Vector Laws Formulas and Equations with Solved Examples Class 11 Physics

A vector has both a magnitude and a direction. In Geometrically, we can picture a vector as a directed line segment, whose length is the magnitude of the vector and with an arrow indicating the direction.

Vector is typically represented by an arrow whose direction is the same as that of the quantity and whose length is proportional to the quantity magnitude. Vector quantities are often represented by scaled vector diagrams.
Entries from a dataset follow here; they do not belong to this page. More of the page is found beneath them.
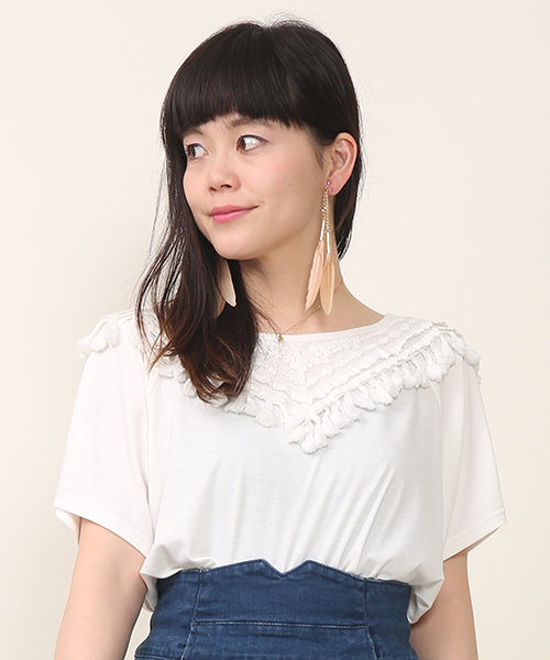 mystic(ミスティック) 肩から胸元にかけてV字に配したレース×フリンジ切り替えがアクセントのTシャツです。肌馴染みのいいカジュアルな着心地はそのままに、ゆったりとフレアさせたショートスリーブでフェミニンキュートなニュアンスを引き立てているのがポイント。装いにミックステイストを呼び込んでくれます。
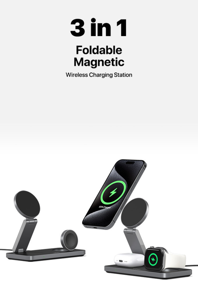 New hot-selling portable desktop magnetic three-in-one wireless charger mobile phone watch earphone multi-function charger
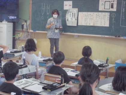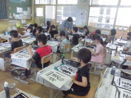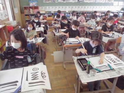 書写の学習では,毛筆学習がスタートしました。はじめは,いろいろな線を書く練習です。子どもたちは,少し緊張しながら書いていました。
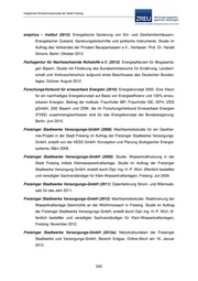 Integriertes Klimaschutzkonzept der Stadt Freising empirica – Institut (2012): Energetische Sanierung von Ein- und Zweifamilienhäusern. Energetischer Zustand, Sanierungsfortschritte und politische Instrumente. Studie im Auftrag des Verbandes der Privaten Bausparkassen e.V., Verfasser: Prof. Dr. Harald Simons. Berlin: Oktober 2012. Fachagentur für Nachwachsende Rohstoffe e.V. (2012): Energiepflanzen für Biogasanla- gen Bayern. Studie mit Förderung des Bundesministeriums für Ernährung, Landwirt- schaft und Verbraucherschutz aufgrund eines Beschlusses des Deutschen Bundes- tages, Gülzow: August 2012. ForschungsVerbund für erneuerbare Energien (2010): Energiekonzept 2050. Eine Vision für ein nachhaltiges Energiekonzept auf Basis von Energieeffizienz und 100% erneu- erbaren Energien. Beitrag der Institute: Fraunhofer IBP, Fraunhofer ISE, ISFH, IZES gGmbH, ZAE Bayern und ZSW, die im ForschungsVerbund Erneuerbare Energien (FVEE) zusammengeschlossen sind für das Energiekonzept der Bundesregierung. Berlin: Juni 2010. Freisinger Stadtwerke Versorgungs-GmbH (2008): Machbarkeitsstudie für ein Geother- mie-Projekt in der Stadt Freising im Auftrag der Freisinger Stadtwerke Versorgungs- GmbH, erstellt von der KESS GmbH: Konzeption und Planung ökologischer Energie- systeme, März 2008. Freisinger Stadtwerke Versorgungs-GmbH (2009): Studie: Wasserkraftnutzung in der Stadt Freising mittels Kleinstwasserkraftanlage. Studie im Auftrag der Freisinger Stadtwerke Versorgung GmbH, erstellt durch Dipl.-Ing. H.-P. Würl, öffentlich bestellter und vereidigter Sachverständiger für Klein-Wasserkraftanlagen, Freising: Juli 2009. Freisinger Stadtwerke Versorgungs-GmbH (2011): Datenlieferung Strom- und Wärmeab- satz für das Jahr 2011. Freisinger Stadtwerke Versorgungs-GmbH (2012): Machbarkeitsstudie: Reaktivierung der Wasserkraftanlage Steinmühle an der Wörthmoosach in Freising. Studie im Auftrag der Freisinger Stadtwerke Versorgungs-GmbH, erstellt durch Dipl.-Ing. H.-P. Würl, öf- fentlich bestellter und vereidigter Sachverständiger für Klein-Wasserkraftanlagen, Freising: November 2012. Freisinger Stadtwerke Versorgungs-GmbH (2012a): Netzstrukturdaten der Freisinger Stadtwerke und Versorgungs-GmbH, Bereich Erdgas. Online-Abruf am 16. Januar 2012. 243
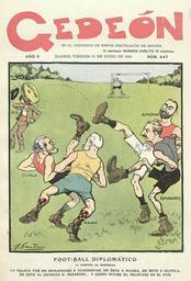 | Keywords: Foot-ball diplomático, de Joaquín Xaudaró.jpg Portada del 17 de junio de 1904 de la revista satírica española Gedeón Foot-ball diplomático 1904 6 17 Gedeón Foot-ball diplomático 447 1 http //hemerotecadigital bne es/issue vm id 0003065326 page 1 date 1904 6 17 Creator Joaquín Xaudaró PD-Scan PD-old-auto-1923 1933 Caricatures by Joaquín Xaudaró in Gedeón 1904 in Spain Francisco Silvela caricatures Antoni Maura caricatures Count of Romanones caricatures Juan Manuel Sánchez y Gutiérrez de Castro Fernando León y Castillo caricatures Political cartoons of Spain |
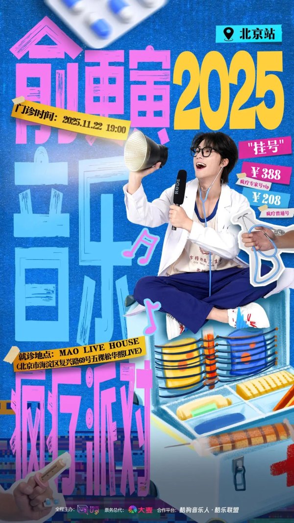 Catch Yu Miaochu's (俞苗畜) 2025 live house tour as it hits Beijing (北京站)! The concert is presented with a fun medical theme, with tickets categorized as 'Expert Registration' (挂号/医疗专家号) and 'General Registration' (医疗普通号). It's a massive gig for a Saturday night at MAO Live House. Doors open at 7:00 PM, so grab your ticket and prepare for the musical 'treatment'!
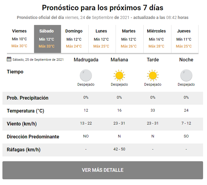 Cabe recordar que, para este viernes está pronosticada una temperatura máxima de 30 grados con el cielo despejado y se prevé la llegada del viento desde el sector Noroeste para la noche.
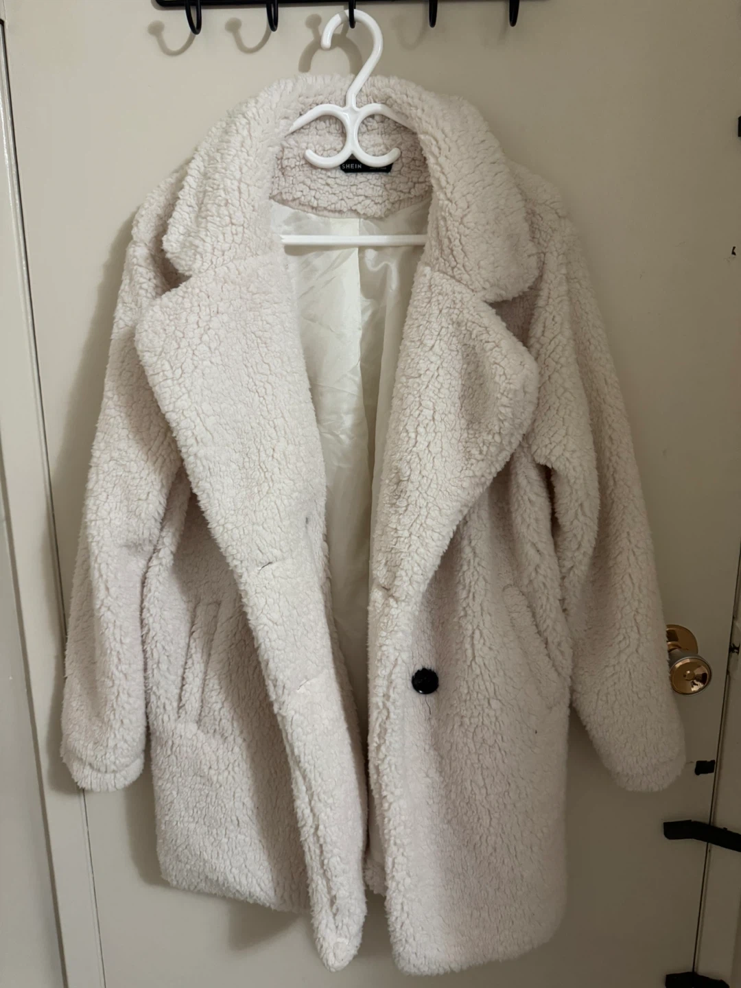 Cozy cream teddy coat by SHEIN. Features a relaxed fit and button closure. Made with soft, plush material. Great for keeping warm on chilly days!
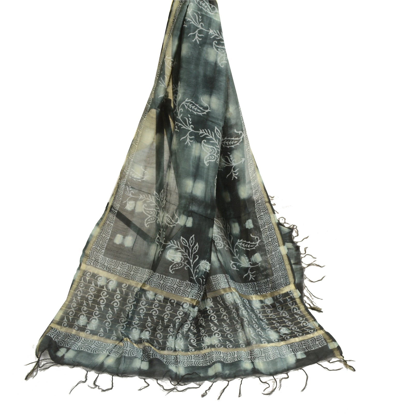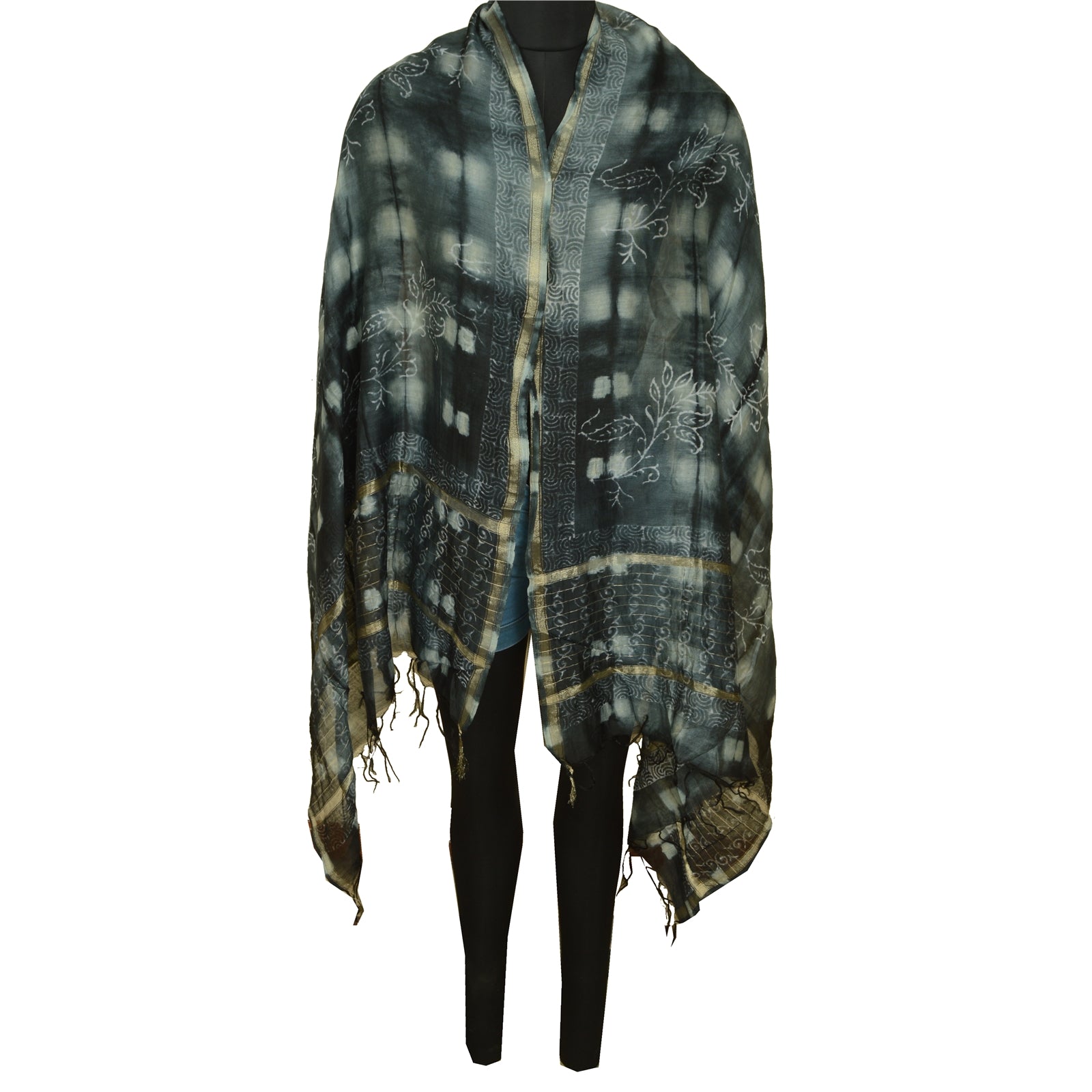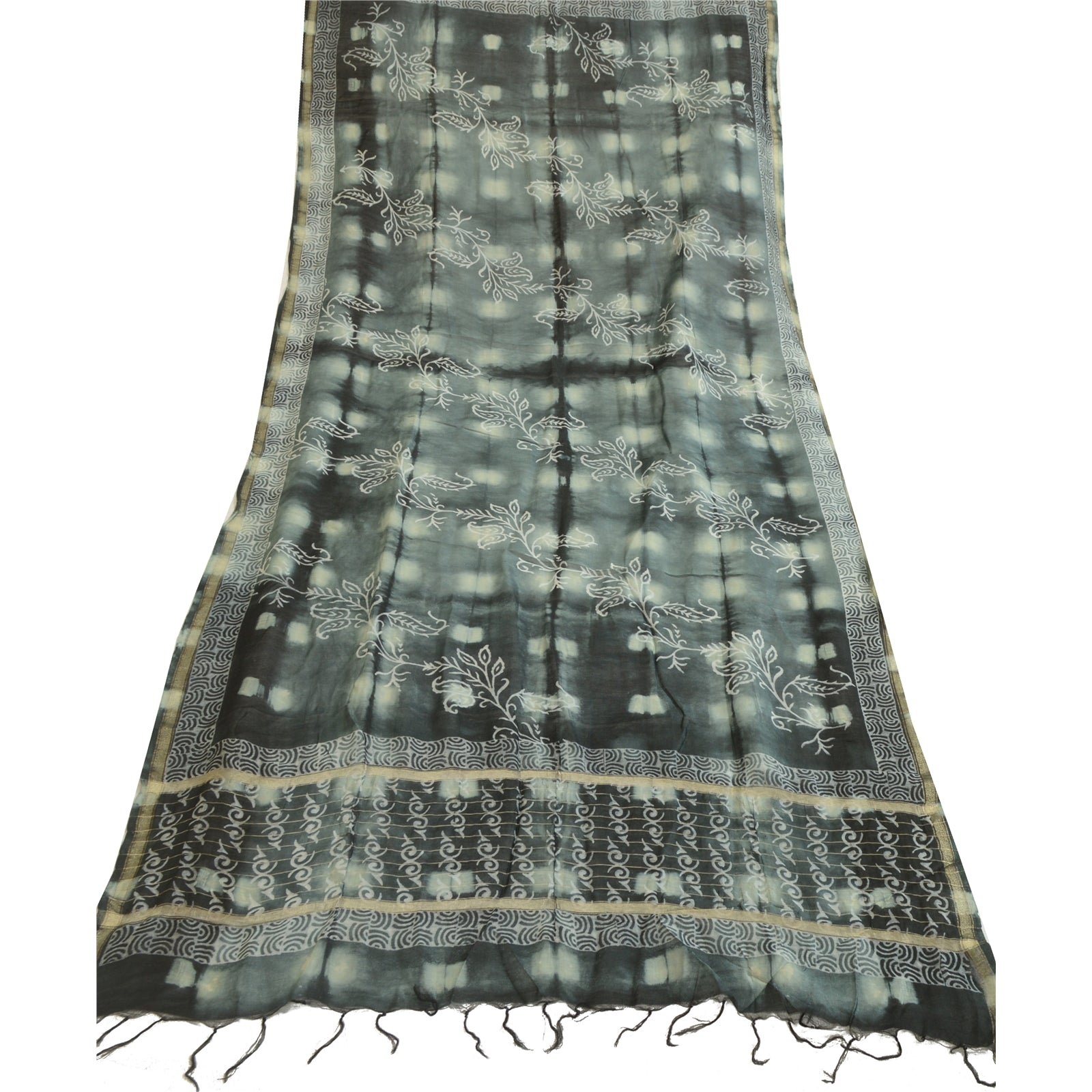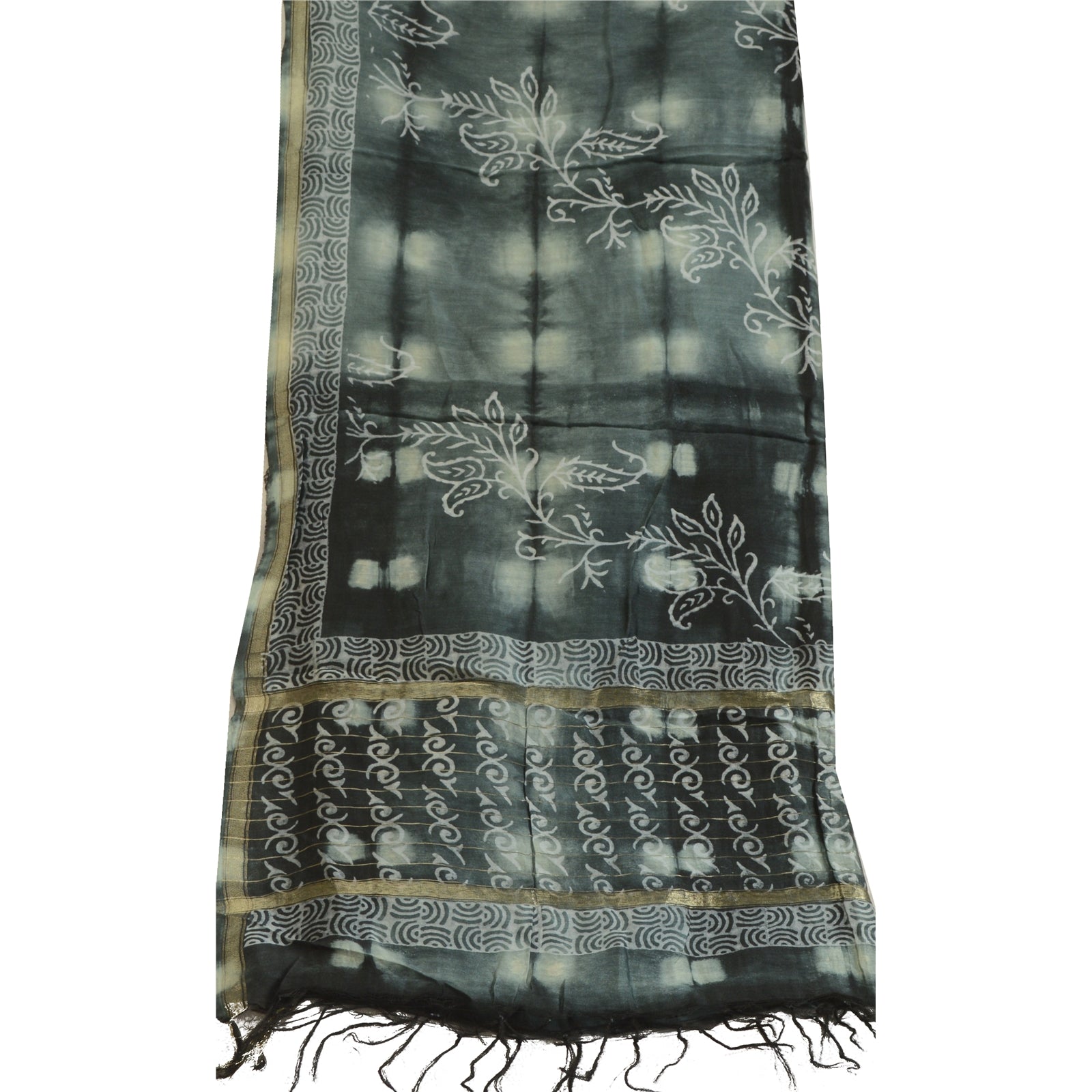 'THE ITEM COLOR OR SHADE MAY BE DARKER OR LIGHTER THAN THE PICTURE.' Beautiful shade of grey & black colored pure chanderi silk hand-block print & tie-dye dupatta/stole. Center portion of the dupatta printed gigantic floral design with tie- dye work. This dupatta is superb combination of dual work, you can see adorable hand-block printed floral design & tie-dye work with golden woven work is really enhancing beauty of the dupatta/stole. Dupatta has matching fringes on both ends of borders. This dupatta/stole can be used for various crafting ideas too. Use it for dress designing, as a throw, as window dressing, upholstery, table linen and much more. Let your creative juices flow. International buyers please note: Import duties, taxes, and charges are not included in the item price or postage cost. These charges are the buyer's responsibility. Please check with your country's customs office to determine what these additional costs will be prior to bidding or buying. Buyer will pay custom duty/tax. It is calculated and charged differently by every country. As a seller I do not have any control over it. VAT or sales tax is calculated by the platform at the time of checkout. Customs charge is payable at the time of delivery.'

The vector diagram depicts a displacement vector.

Triangular law of addition

If two forces Vector A and Vector B are acting in the same direction, then its resultant R will be the sum of two vectors.

Formula for Triangular law of addition:

\(\begin{array}{l}\vec{R}=\vec{A}+\vec{B}\end{array} \)

Parallelogram law of addition

If two forces Vector A and Vector B are represented by the adjacent sides of the parallelogram, then their resultant is represented by the diagonal of a parallelogram drawn from the same point.

Formula for Parallelogram law of Addition: 

\(\begin{array}{l}\vec{R}=\vec{A}+\vec{B}\end{array} \)

Vector Subtraction

If two forces Vector A and Vector B are acting in the direction opposite to each other then their resultant R is represented by the difference between the two vectors.

Formula for Vector Subtraction: 

\(\begin{array}{l}\large \vec{R}=\vec{A}-\vec{B}\end{array} \)

Solved examples of vector

Example: Give the vector for each of the following:

(a) The vector from (2, -7, 0) to (1, -3, -5)

(b) The vector from (1, -3, -5) to (2, -7, 0)

(c) The position vector for (-90, 4)

Solution: 

(a): Remember that to construct this vector we subtract coordinates of the starting point from the ending point.

{1 -2, -3 – (-7), -5 -0} = {-1, 4, -5}

(b): Same thing here: {2 -1, -7 – (-3), 0 (-5)} = {1, -4, 5}

Notice that the only difference between the first two is the signs are all opposite.  This difference is important as it is this difference that tells us that the two vectors point in opposite directions.

(c): Not much to this one other than acknowledging that the position vector of a point is nothing more than a vector with the point’s coordinates as its components. (-90, 4)